August Wilson

August Wilson

: Photo from Wikipedia / Author of Photo: Artist's Network of Refuse & Resist

Overview

* Playwright
* Ascribes 9/11 attacks to America’s “arrogant display of power and … callous indifference to the rest of the world’s humanity”
* “[O]ur enemies are not mad, bloodthirsty fanatics who exist only to kill. They are intelligent men who believe they have valid political agendas.”
* Died on October 2, 2005


August Wilson was born on April 27, 1945 in the Hill district of Pittsburgh, Pennsylvania – an area that was a black slum community. He grew up to be a playwright; his first produced play, Black Bart and the Sacred Hills, was staged in 1981.Three years later, Wilson achieved national recognition for his very successful play Ma Raine’s Black Bottom, produced at Yale University and later in New York. By the early 1990s, he was the best-known African American playwright in the United States.
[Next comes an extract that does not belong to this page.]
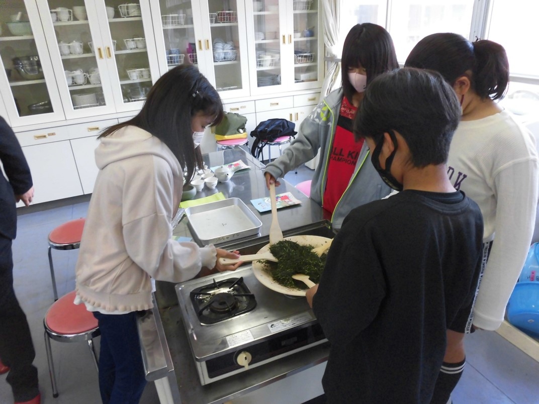 説明の後、児童は煎茶の茶葉を焙じ、自分たちでほうじ茶を作り、味・色・香りの違いを比べる体験を行いました。

Among Wilson’s other well-received plays were: Fences (the story of a character named Troy Maxin, a 1950s-era illiterate garbage collector who is enraged at a white-controlled society that he believes has denied him an opportunity for baseball stardom); Joe Turner’s Come and Gone (the story of Harold Loomis, a black man cruelly incarcerated for seven years in the early Twentieth century by white authorities for an unspecified offense); and The Piano Lesson (the story of a black man who aspires to buy the same Mississippi land that his ancestors once worked as slaves).
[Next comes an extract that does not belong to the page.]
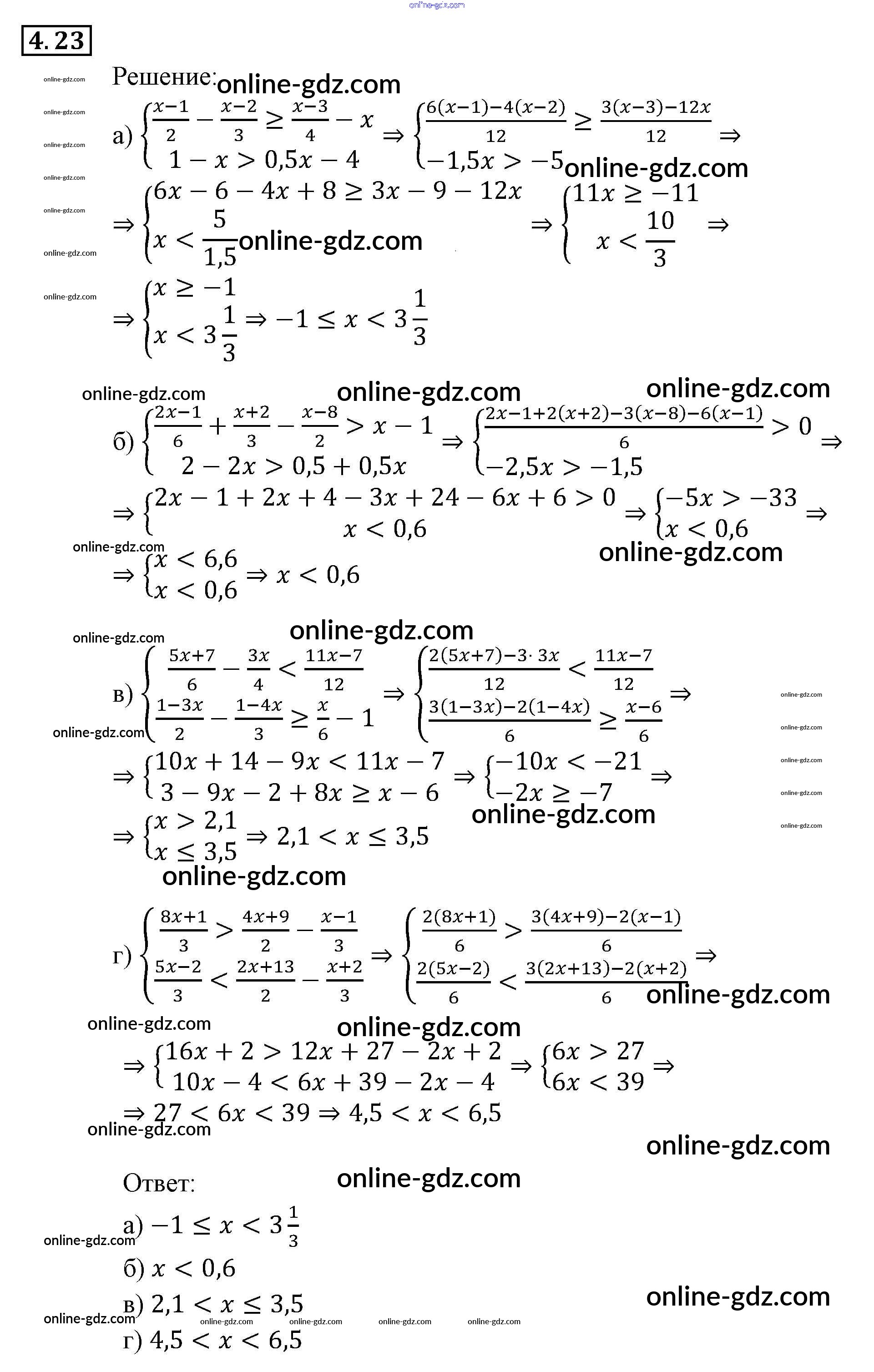 Готовые домашние задания по Алгебре за 9 класс Задачник Мордкович, Александрова 2010 - § 4. Системы рациональных неравенств Глава 1. Рациональные неравенства и их системы 4.23

In 2003, Wilson won the Heinz Award for “Arts and Humanities.” In the words of the Heinz Endowments, Wilson is constantly “stirring us with passion and challenging us to recognize the truths [sic.] about ourselves.” Two years before receiving the award, he stirred passion with an e-mail exchange posted on the Slate website. The exchange began on September 10, 2001. The day after 9/11, Wilson counseled:

“To understand the politics, we need to look at the origins of the war and understand that it is not a war driven by territorial disputes and fought by standing armies, but hatred for our [Americans’] arrogant display of power and our seeming callous indifference to the rest of the word’s humanity. Then I think we can, as you say, begin to address “the deeper problems that made for this fanatic hate.”
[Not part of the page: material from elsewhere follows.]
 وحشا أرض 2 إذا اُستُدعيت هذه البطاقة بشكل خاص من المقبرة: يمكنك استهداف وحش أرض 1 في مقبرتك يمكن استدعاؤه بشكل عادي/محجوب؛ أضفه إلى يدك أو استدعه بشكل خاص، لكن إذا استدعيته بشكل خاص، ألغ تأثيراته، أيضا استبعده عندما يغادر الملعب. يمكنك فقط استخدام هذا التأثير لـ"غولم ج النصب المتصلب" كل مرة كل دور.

That same day (September 12), he gave this military advice:

“I suggest we forgo any military action against a handful of elusive and destructive terrorists and use our resources, and the unconquerable will of the American people, to rebuild the World Trade Center on the exact spot (Phoenix rising from the ashes) as a testament to the resiliency of the American spirit. This, to my mind, would be the truly heroic thing to do.”

The next day (September 13), he reaffirmed that America had finally gotten what it deserved:

“If, as you say, this act of terrorism says to the world, ‘You will not live in your dream, you will live in ours,’ then it is a reversal of roles. So much of America’s policies and practices, its influence on global politics and economics has resulted in us saying the very same thing to the rest of the world. The terrorists may well be responding to the ‘profound psychic humiliation’ of being colonized by another’s ideas.”

Wilson also expressed concern that the deadly terrorist assault “will fan the flames of patriotism.”

Wilson viewed the 2003 war in Iraq as a huge political blunder by the Bush administration, a blunder founded on a fundamental misunderstanding of what motivates America’s enemies. Moreover, he characterized as assaults on civil liberties the Patriot Act and other post-9/11 anti-terrorism measures instituted by the U.S. government. “Away from home,” said Wilson, “we are engaged in a war that robs us of our energies and steals from our national treasury. That it is a war based on false premise and carried out with escalating misconduct and protracted deception is not our immediate concern. A more pressing matter is that the foundation upon which this country has stood from its inception is in danger of crumbling from assaults upon its principles and the articles that guarantee our liberties. . . . [O]ur enemies are not mad, bloodthirsty fanatics who exist only to kill. They are intelligent men who believe they have valid political agendas. We ignore that at our peril. It is we who are at the crossroads. This is the history we are making. Each and every day. Millions of children, born and unborn, will travel roads we have hacked out of the underbrush of the events of 9/11. . . . We cannot allow the values that were developed by generations of Americans — values that were tested and proven on the battlefield — to be scattered like so much cotton in the wind. You are either going to have civil liberties as defined and guaranteed by the Constitution, or you’re not. You can’t have some and not others. You cannot be ambiguous about the Constitution. You cannot assault its articles in the name of patriotism. No matter how dire the circumstances.”

Wilson reported that he had been diagnosed with liver cancer in June 2005. He died on October 2, 2005, at Swedish Medical Center in Seattle.

Much of this profile is adapted from 57 Varieties of Radical Causes, published by Ben Johnson in September 2004.